Business strategy is how an organization generates value better than its competitors in a given market through:
- A strategic customer vision,
- Performance objectives aligned with the vision, and
- An efficient and repeatable operating model.
Strategic customer vision
A customer vision is a representation of what success looks like. It’s inspiring. It excites people. It’s aspirational and attainable at the same time. But how is a customer vision developed? To answer this question, I will share an example of a recent retail client.
[RetailCo] is one of two dominant players in the space — let’s call the competitor [CompetitorCo]. In fact, through primary research we learned that 93% of the market shops primarily at one (or both) of these top two players for their category needs. We also learned that only about 20% of the market is loyal to one store or the other, meaning there is a large pool of “swing votes” that [RetailCo] has an opportunity to win over. As you might expect, a small portion of the swing voters spend a majority of money in the category, supporting our decision that the biggest opportunity for [RetailCo] is to appeal to the most category-engaged swing voters (defined by spend) — i.e., not CompetitorCo loyalists — in the market. We studied category-engaged swing voters to understand consumers' logic when deciding when to go to either store, assessed brand strength in those dimensions most important to consumer decision making, and built a segmentation scheme based on that decision-making criteria.
The result is a differentiated value proposition for core consumer market segments and an associated customer vision for the most attractive segments.
Simply put, a customer-centric organization must have customer performance objectives and measurable data to support the vision. The ultimate scenario would be individual consumer-level P&L, but in a mass-market world, the more practical scenario includes segment- or microsegment-level P&L. This includes the following metrics, which are individual-/household-/business-level metrics, but should also be contemplated by segment.
- Metrics that the entire organization rallies around: revenue, margin, gross new customers, netcustomers, lost customers, lifetime value (actual and expected).
- Financial metrics across the lifecycle: acquisition rate and cost, cross sell rate and cost, retention rate and cost, conversion rates and timing at different points in the funnel.
- Tactical/Execution-oriented metrics tied to the strategy: brand performance, individual media and channel performance, product performance. The key is that these metrics must be tied to segment performance.

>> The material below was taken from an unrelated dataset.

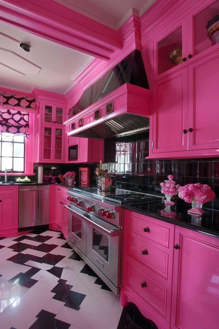 For walls, a pale blush pink can act as a neutral, providing just enough color to soften the boldness of the black countertops.
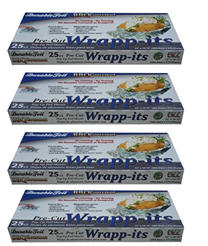 - Includes 100 (4 boxes of 25) precut, pop-up aluminum foil wraps 12 x 10 ¾ inch each - MADE IN THE USA!

You get what you measure, so manage performance using metrics that support your customer strategy.
An operating model is the way an organization does business to support its strategy. This includes the processes, organizational model and infrastructure needed to deliver on the strategy and the associated performance metrics. To illustrate, I will refer to an insurance client of mine.
- Processes are the activities and task needed to achieve a specific outcome. They are typically classified into management processes (e.g. governance, benefits realization planning), operational processes (e.g. marketing, sales, service) and supporting processes (e.g. accounting, HR). Our focus at [InsuranceCo] is on Connected CRM processes – customer portfolio optimization, segment strategy, program strategy, program development and execution, and measurement, attribution, budgeting and forecasting.
- Organization refers to the people needed to support processes, how they are structured and managed in terms of incentives and management to empower behavior that maximizes customer value, how they interact to deliver on the process model. Another area, one of my favorites, is the customer centric culture – the rituals, routines, stories, and symbols that emphasize the importance of the customer. For this, [InsuranceCo] has a fully dedicated vice president of segments and segment strategy to sit across the table from the VP of product.
- Technical infrastructure is the platform to support people and processes – to enable data to be gathered, insight to be mined, and differentiated treatments applied across the enterprise. It’s efficacy is only as good as those business processes used to define the technical requirements.
Without an operating model, a customer vision is not sustainable.
The success of a business strategy depends at least in part on the combined and individual strength of its components. If the vision is realistically aspirational, the objectives measurably aligned with that vision, and the underlying operations model efficient enough to sustain it all, the organization has a better chance of realizing those lofty goals.